When those ministers did that, they lost track of how God worked, of how God amazed and astounded, proclaiming through those who were, really, one of the people. The Hebrews, and ultimately the Egyptians, saw God more clearly precisely because Moses didn’t look like much. The folks in Capernaum were astounded precisely because Jesus didn’t look like much. It was when people heard and saw God in folks just like them, heard and saw God all the more clearly because the messengers weren’t themselves a distraction, that the people realized the amazing, astounding power of God. Ministers who do harm do so, time after time, because they come to see themselves as having solely their own authority, rather than letting God’s authority speak through them.

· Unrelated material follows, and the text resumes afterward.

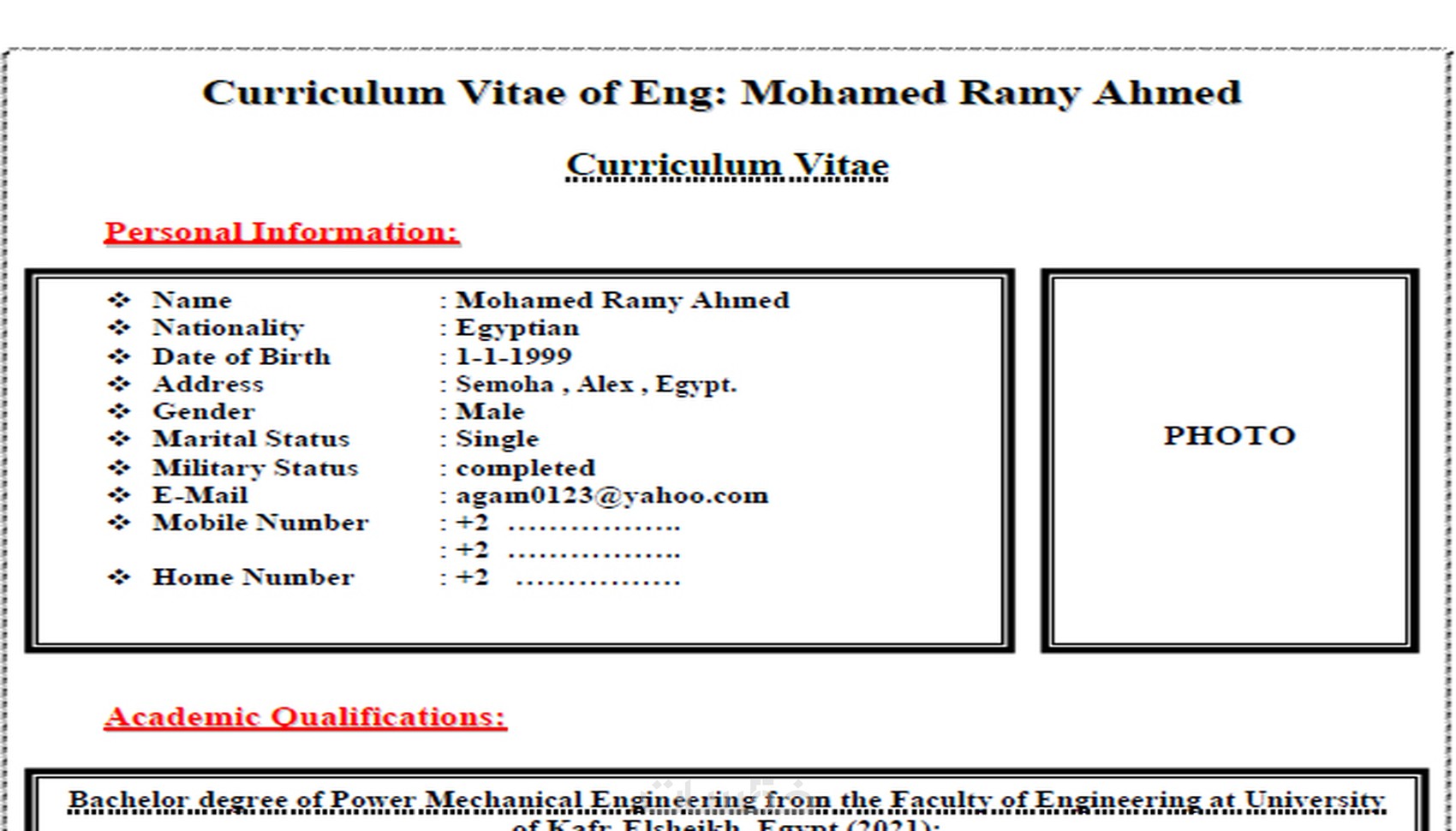 ** طالما حضرتك هنا يبقي اكييد بتدور على وظيفة ومحتاج سيرة ذاتية (CV) بشكل يعبر عنك وعن مؤهلاتك بالمختصر المفيد بحيث تكون سيرة ذاتية جذابة وتلفت انتباه اصحاب العمل وتلخص كل الخبرات والمعلومات الشخصية المطلوب التركيز عليها ليتم ابراز المعلومات التي يبحث عنها اصحاب العمل .

Which brings me to the bedside. I think this speaks particularly to the vocation we have as chaplains. We work in an environment where, all too often, we feel little authority. Certainly, we don’t have the authority that comes to those who can quote lab values and parse differential diagnoses, not to mention generate revenue. We rarely even have the authority that can be attributed when we speak to someone from our own faith community. But, if we’re clear about where our authority lies, that’s to our advantage. For those we serve each of us can become the one like them, one from among their own people, who can reflect and relay the love and power of God. And the love and power of God can continue to amaze and astound and convict, not because we’re special but precisely because we’re not. We can enter into relationship with another, and allow God to shine through despite the fact – indeed, because of the fact – that we’re not a distraction, not special and set apart.
Jesus went to teach in Capernaum, and they were astounded at his teaching – they were astounded at him, teaching – because he spoke has one having God’s authority. When we allow God’s authority to speak through us, we, too, can share with those we serve in experiencing again the amazing, astounding, convicting love and power of God.